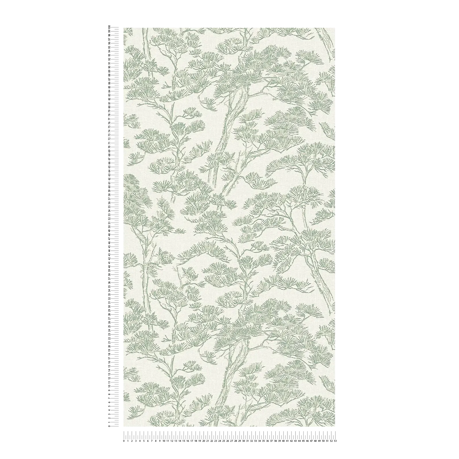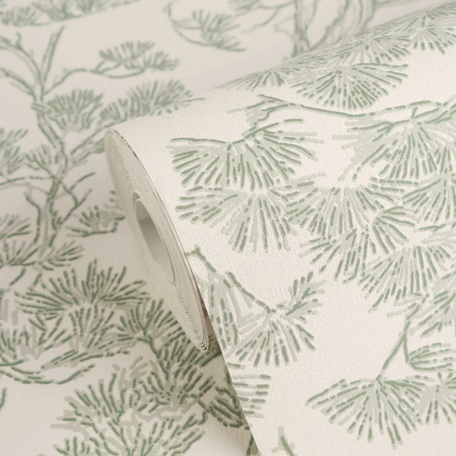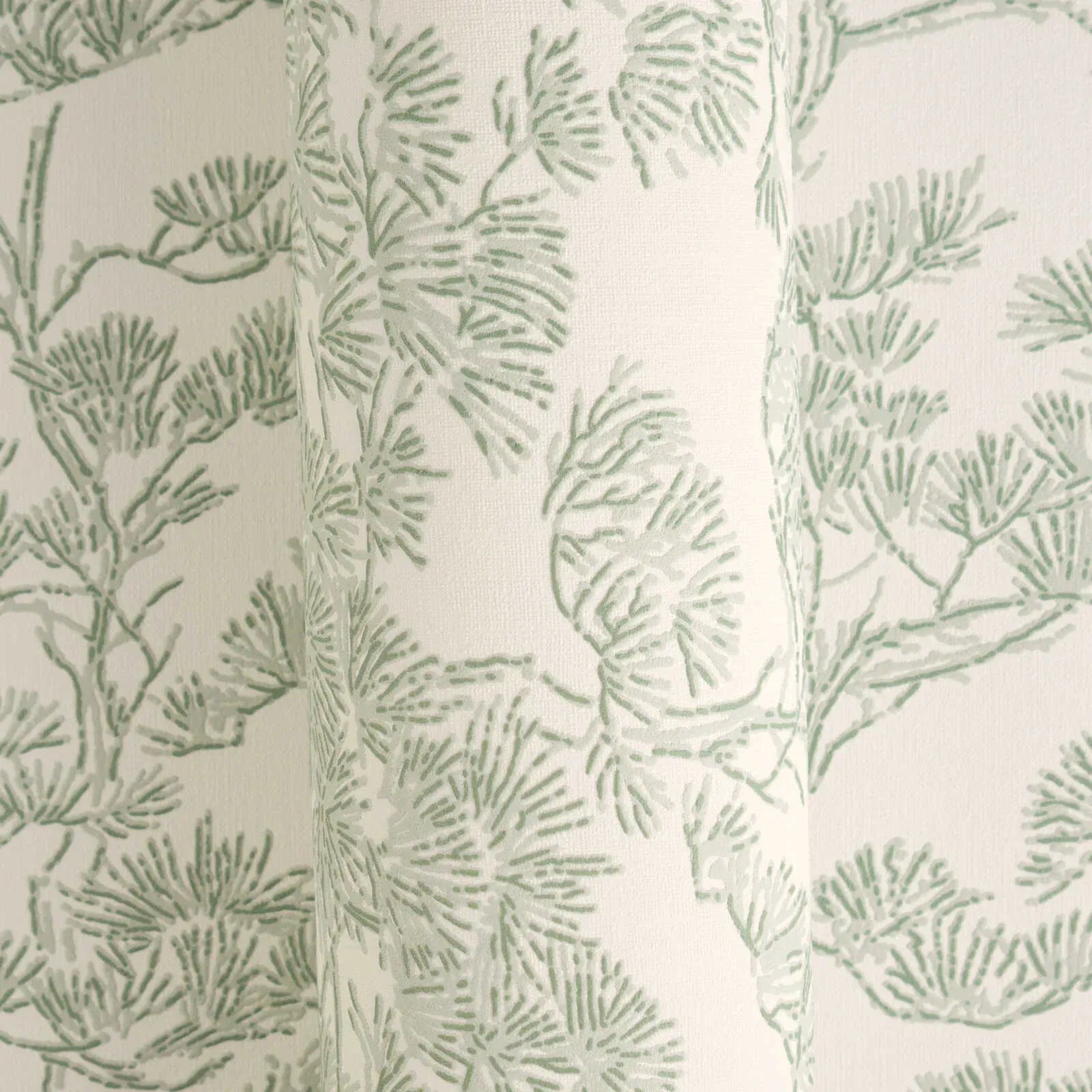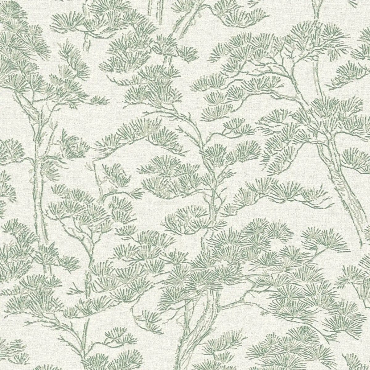 Smalkas, detalizētas līnijas maigā salvijas zaļā krāsā veido filigrānu, botānisku rakstu uz gaiša, nedaudz krēmkrāsas fona. Motīvs atgādina stilizētas priežu zaru, kuru smalkās skujas un plānie zariņi ir harmoniski izkliedēti pa virsmu. Kompozīcija izskatās gaisīga un mierīga, gandrīz kā Āzijas tušas zīmējumi, radot smalku, dabisku eleganci. Maigā zaļā un atturīgā baltā krāsu palete piešķir rakstam svaigu, nomierinošu auru. Kopumā tapetes izskatās eleganti, laikmetīgi un dabīgi, vienlaikus radot vieglumu un smalku dekoratīvu efektu telpā.
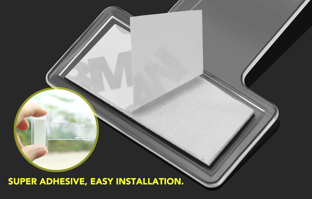 Легко крепится с клейкой лентой 3M на внутренней стороне ветрового стекла
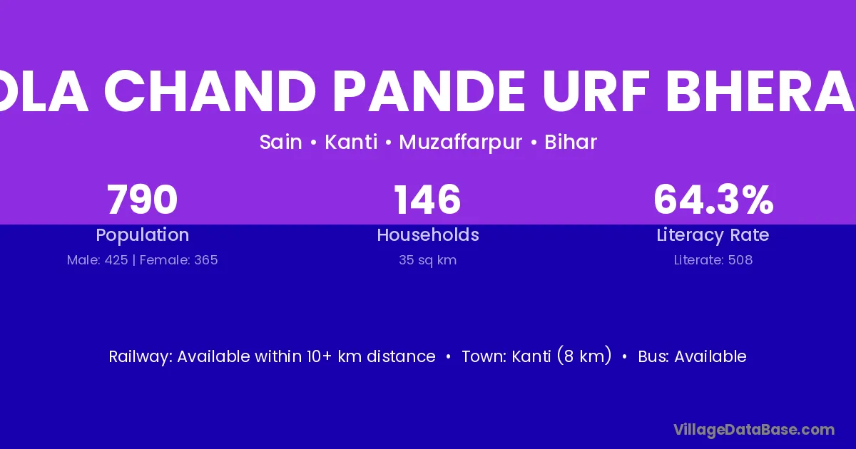 Kanti (8 km) is the nearest town to Tola Chand Pande Urf Bherahi village for major economic activities and is located approximately 8 km away.
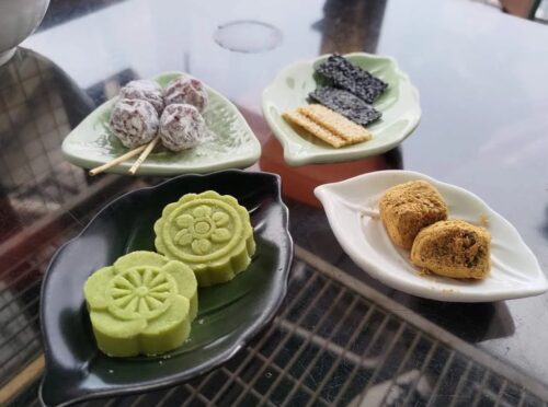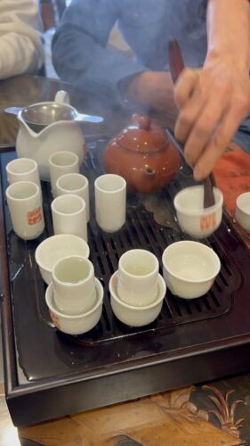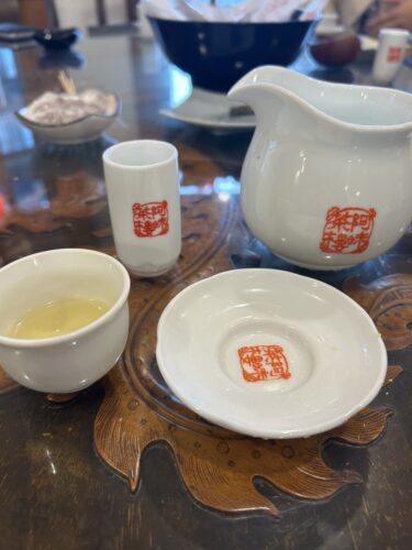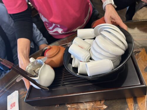 高山烏龍茶という名ですが味はほぼジャスミン茶!縦長の湯呑は香りを楽しむ用と、手を温める用らしいです!
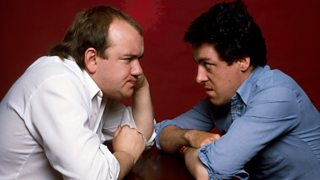 The Two Ronnies star in a Christmas programme of sketches, jokes and songs from 1987.

> **What to work on**
From the line containing "Легко крепится с" down to the final line of the material, restate every line word for word, and only those; drop the pictures.

> **Task response**
 Легко крепится с клейкой лентой 3M на внутренней стороне ветрового стекла
 Kanti (8 km) is the nearest town to Tola Chand Pande Urf Bherahi village for major economic activities and is located approximately 8 km away.
 高山烏龍茶という名ですが味はほぼジャスミン茶!縦長の湯呑は香りを楽しむ用と、手を温める用らしいです!
 The Two Ronnies star in a Christmas programme of sketches, jokes and songs from 1987.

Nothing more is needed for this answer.